Gewahrsam unter Aufsicht

Death in Custody als Initiative zur Etablierung neuer Beschwerdestrukturen in staatlichen Gewahrsamsbereichen

Stellungnahme von Each One Teach One (EOTO) e.V. und vom Migrationsrat Berlin zur Kampagne Death in Custody – Aufklärung der Todesfälle in Gewahrsamssituationen jetzt!

25. September 2019

„Death in Custody“ ist eine Reaktion auf die vielen ungeklärten Todesfälle Schwarzer Menschen und People of Color in Gewahrsam – wie etwa zuletzt im Fall von William Tonou-Mbobda im UKE in Hamburg oder Amad Ahmad in der JVA Kleve. Als Schwarze Communities, migrantisch-diasporische Communities und als Communities of Color treffen und verunsichern uns diese Vorfälle tief.

Das Ausbleiben einer Aufarbeitung der Todesfälle und Rechenschaft der Täter*innen seitens Ermittlungsbehörden und Staatsanwaltschaft verschlimmern die Gewaltsamkeit der Vorfälle. Im Umfeld der Betroffenen stößt dies auf Empörung Mit ihren Bemühungen nach Aufklärung stoßen sie bei Polizei und Justiz auf Abwehr.

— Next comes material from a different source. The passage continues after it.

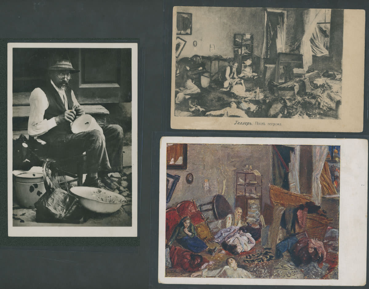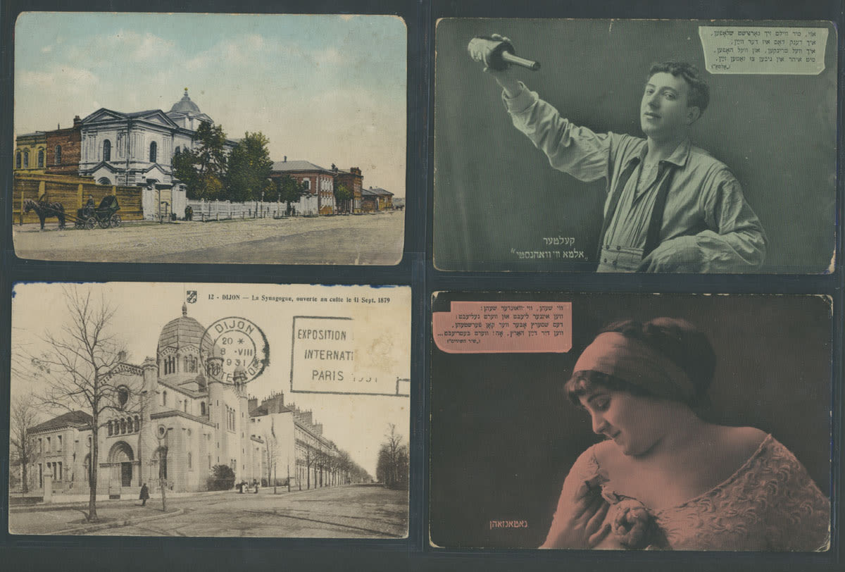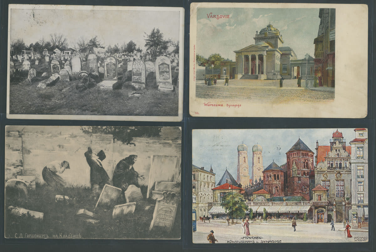BALANCE OF JUDAICA POSTCARDS CONSIGNMENT: 1900-20’s, 11 black-and-white or color PPC, including three Jewish types – Young Man, Young Woman and Jewish Tinkerer, four of Synagogue views – Dijon, Irkutsk, Munich and Warsaw, two showing Jewish Cemetries and two similar cards representing artwork of Petr Geller ”After the Pogrom of 1905”, minor flaws mentioned, four used, seven unused, F/VF, Est. $200-$240

Die Verzerrung der Geschehnisse zum Schutz von Polizeibeamt*innen, die ggf. in die Vorfälle verwickelt oder gar Täter*innen sind, sowie zur Aufrechterhaltung des Ansehens staatlicher Institutionen, wirft Fragen auf: Wer zählt in der Gesellschaft? Wessen Leben, wessen Tod sind von Relevanz? Wer hat Zugang zu Recht und Gerechtigkeit? Inwiefern ist Verlass auf Polizei und Justiz? Wie konsequent wird in Institutionen mit diskriminierendem, rassistischem Personal bzw. organisierten Nazis umgegangen?

Seit vielen Jahren verweisen Vertreter*innen von Communities of Color auf den Zusammenhang von Rassismus und institutioneller Gewalt, also darauf, dass Schwarze Menschen bzw. People of Color in ungleichem Maße von institutioneller Gewalt betroffen sind. Todesfälle in Gewahrsam und deren nicht-Aufklärung sind indessen die letzte Eskalationsstufe dieser Gewalt.

Todesfälle in Gewahrsam sind mit allen Mitteln zu verhindern. Dabei ist zu vergegenwärtigen, dass sie die Spitze eines Eisberges sind, an dessen Grund eine Vielzahl an Gewaltanwendungen und Diskriminierungen liegen,“ betont Céline Barry von der Antidiskriminierungsberatungsstelle EACH ONE von EOTO e.V. „Ratsuchende berichten u.a. von Racial Profiling, der Verwehrung gesundheitlicher Versorgung in Abschiebehaft, körperliche Übergriffe in Untersuchungshaft oder Psychiatrien. Diese Fälle machen auch die Intersektionalität der Betroffenheit sichtbar: Psychiatrieerfahrene, geflüchtete, prekär lebende und andere marginalisierte Gruppen sind besonders gefährdet.

Vor diesem Hintergrund wollen wir die Kampagne auch dafür nutzen, die Politik und Verantwortliche in Gewahrsamsinstitutionen – Gefängnisse, Psychiatrien, Wohnheime für Geflüchtete usw. – zur Etablierung effektiver Beschwerdestrukturen aufzufordern.

Gewahrsam muss unter Aufsicht gestellt werden. Nur so kommt der Staat seiner Verantwortung nach, alle Menschen gleichermaßen vor institutioneller Gewalt und Diskriminierung zu schützen. Die breitgefasste präventive Programmatik des Berliner Landesantidiskriminierungsgesetzes kann bei Gewahrsamsinstitutionen, in Berlin und darüber hinaus, zum Anlass genommen werden, neue Wege einzuschlagen,“ so Céline Barry weiter.

Bereits 1996 forderte der UN-Menschenrechtsausschuss in diesem Zusammenhang etwa die Einrichtung unabhängiger Beschwerdestellen für Polizeigewalt.